II: Tell us about the new Central Bank Act.
We have greater clarity of our mandate articulated in the act. We have greater accountability of the central bank, and we are institutionalising many of the practices we have adopted, like the monetary policy committee; the level of disclosure and transparency is all embedded in the act. We have also taken into account all the issues which have emerged in this financial crisis – the lender of last resort facility, and how we would deal with non-regulated institutions that may have systemic implications for the financial system. One of the mandates we have put in is financial inclusion: we think it is very important that future generations of central bankers will always give regard to that, because we want balanced growth, we don’t want it all in urban areas. It promotes social and political stability because the income disparity is narrowed.
II: Is it similar to other central bank acts?
We have worked on this for two years, consulted experts around the world; we have had our act for 50 years and now we want to have an act that is robust enough to take us through the next 50.
II: So it’s not a response to the crisis?
Not at all. We thought it was timely to reflect on all the changes that have taken place. But the crisis brought to the forefront many of these issues.
II: When will it be passed?
We hope it will be passed by parliament this year. It will provide the bank the ability to be effective in a very changed environment. In the previous crisis the government machinery was very efficient and we were able to set up the asset management corporation, a special purpose vehicle to recapitalise the banks, but even then it took about three months for that process. Now, if this act is enacted, we would be empowered to respond immediately.
II: Last year for the first time there was a decrease in the issuance of sukuk. Do you see a chance of recovery for that market this year?

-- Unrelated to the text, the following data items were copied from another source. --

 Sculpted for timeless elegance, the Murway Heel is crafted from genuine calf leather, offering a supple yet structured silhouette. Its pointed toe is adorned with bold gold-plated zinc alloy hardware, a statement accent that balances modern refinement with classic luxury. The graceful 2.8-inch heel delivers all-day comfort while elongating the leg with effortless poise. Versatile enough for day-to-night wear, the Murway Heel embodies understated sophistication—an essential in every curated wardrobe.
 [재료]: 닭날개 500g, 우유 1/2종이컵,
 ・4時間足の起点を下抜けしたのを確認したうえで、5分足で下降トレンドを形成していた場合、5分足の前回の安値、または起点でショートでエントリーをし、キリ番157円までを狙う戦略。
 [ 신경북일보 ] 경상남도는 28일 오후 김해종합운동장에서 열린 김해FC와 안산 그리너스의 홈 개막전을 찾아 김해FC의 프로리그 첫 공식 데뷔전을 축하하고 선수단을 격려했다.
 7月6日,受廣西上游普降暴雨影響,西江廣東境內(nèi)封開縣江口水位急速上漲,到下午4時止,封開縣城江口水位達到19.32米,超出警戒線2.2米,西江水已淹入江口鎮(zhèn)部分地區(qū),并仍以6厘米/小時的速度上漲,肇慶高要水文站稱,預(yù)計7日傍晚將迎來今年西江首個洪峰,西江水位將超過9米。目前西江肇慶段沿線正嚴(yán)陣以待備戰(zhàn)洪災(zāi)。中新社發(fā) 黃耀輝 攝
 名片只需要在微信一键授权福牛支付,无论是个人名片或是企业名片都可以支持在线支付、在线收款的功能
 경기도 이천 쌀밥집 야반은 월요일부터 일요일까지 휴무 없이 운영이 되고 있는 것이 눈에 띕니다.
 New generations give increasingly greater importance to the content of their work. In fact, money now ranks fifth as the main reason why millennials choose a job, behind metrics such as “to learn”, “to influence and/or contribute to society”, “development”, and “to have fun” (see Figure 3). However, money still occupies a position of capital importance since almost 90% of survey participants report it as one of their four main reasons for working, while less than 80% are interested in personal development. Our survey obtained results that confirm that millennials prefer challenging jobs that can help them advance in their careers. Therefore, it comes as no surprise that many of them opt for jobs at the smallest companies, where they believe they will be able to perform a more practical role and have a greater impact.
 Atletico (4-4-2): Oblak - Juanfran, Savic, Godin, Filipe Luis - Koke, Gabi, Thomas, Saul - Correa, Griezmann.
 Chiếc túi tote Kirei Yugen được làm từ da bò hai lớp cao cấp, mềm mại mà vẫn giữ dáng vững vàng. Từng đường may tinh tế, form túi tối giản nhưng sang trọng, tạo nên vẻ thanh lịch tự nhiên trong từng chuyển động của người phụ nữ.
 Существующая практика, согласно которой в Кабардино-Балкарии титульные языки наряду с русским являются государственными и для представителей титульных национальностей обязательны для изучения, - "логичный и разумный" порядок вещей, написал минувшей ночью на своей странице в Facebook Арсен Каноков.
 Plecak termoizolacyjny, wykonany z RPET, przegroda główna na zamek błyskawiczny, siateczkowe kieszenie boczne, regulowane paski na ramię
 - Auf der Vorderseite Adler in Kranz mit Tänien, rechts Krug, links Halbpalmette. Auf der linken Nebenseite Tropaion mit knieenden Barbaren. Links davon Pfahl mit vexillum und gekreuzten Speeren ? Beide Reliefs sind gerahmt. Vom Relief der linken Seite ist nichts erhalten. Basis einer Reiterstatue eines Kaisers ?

Very much so, because there are so many in the pipeline to be issued. They were held back by the widening of spreads and increased costs. We understand a number of them are going to come forward and others have made submissions.
II: There is a feeling that there was a real opportunity for Islamic finance in the global financial crisis to establish itself as a credible alternative to the conventional world. Do you think that opportunity was taken, particularly in Malaysia?
We’ve always seen, with the development of the Islamic financial infrastructure in our system, that there has been great momentum: it attracted the participation of Muslims and non-Muslims quite early on. The first sukuk was issued here in the early 1990s by Shell, a multinational. And when we liberalised our market it became still more vibrant and it will continue to grow.
II: Has the Malaysia International Islamic Financial Centre (MIFC) achieved what you wanted?
Yes indeed. We want to promote Malaysia as an Islamic financial hub – a meeting place where those who need funds raise their funds in our market, and those with surplus funds invest in the financial instruments offered. We have liberalised much more aggressively to allow players to have more major stakes in our domestic financial institutions, and the international dimension of Islamic finance has increased significantly.
II: Are the multinationals bringing money in with them?
Yes, they contribute to the inflows of funds.
II: A year ago central bankers were dealing with inflation pressure and slowing growth at the same time, plus various countercyclical complications. It looks an appalling time to be a central bank governor.
Malaysia is not an inflation-targeting central bank, and we were very often criticised for that. The argument was: how do you anchor expectations when prices are rising? We have adopted a different approach. Our objective is the same – price stability – but the framework and approach is different. That is why I think it is very important to afford countries the flexibility to assess what they think to be effective. [Last year the central bank declined to raise rates as other countries did so, then declined to again after a fuel price subsidy that was expected to raise inflation.] That brought in tremendous criticism, and the central bank was made to feel highly uncomfortable. But we explained we expected growth to slow down in the second half of the year. We did not raise rates. And we were better off for it. Then, in November and December, we saw the state of affairs internationally and we lowered rates – we front loaded the interest adjustment [by 75 basis points to 2.5%].
II: For the first time in its modern history Malaysia faces the prospect of political change. How does that affect you?
The central bank remains very focused on its mandate, and our new legislation articulates that even more clearly. We have tried to be an SFO, a strategically focused organisation, where we want everyone to be aligned to knowing what we want to achieve, and where we evaluate how successfully or badly we have done in any specific area. When you become such an organisation you don’t get distracted by developments. In fact, if there were any kind of development that generated uncertainty, we believe we have a more important role in providing information about what is going on in our economy.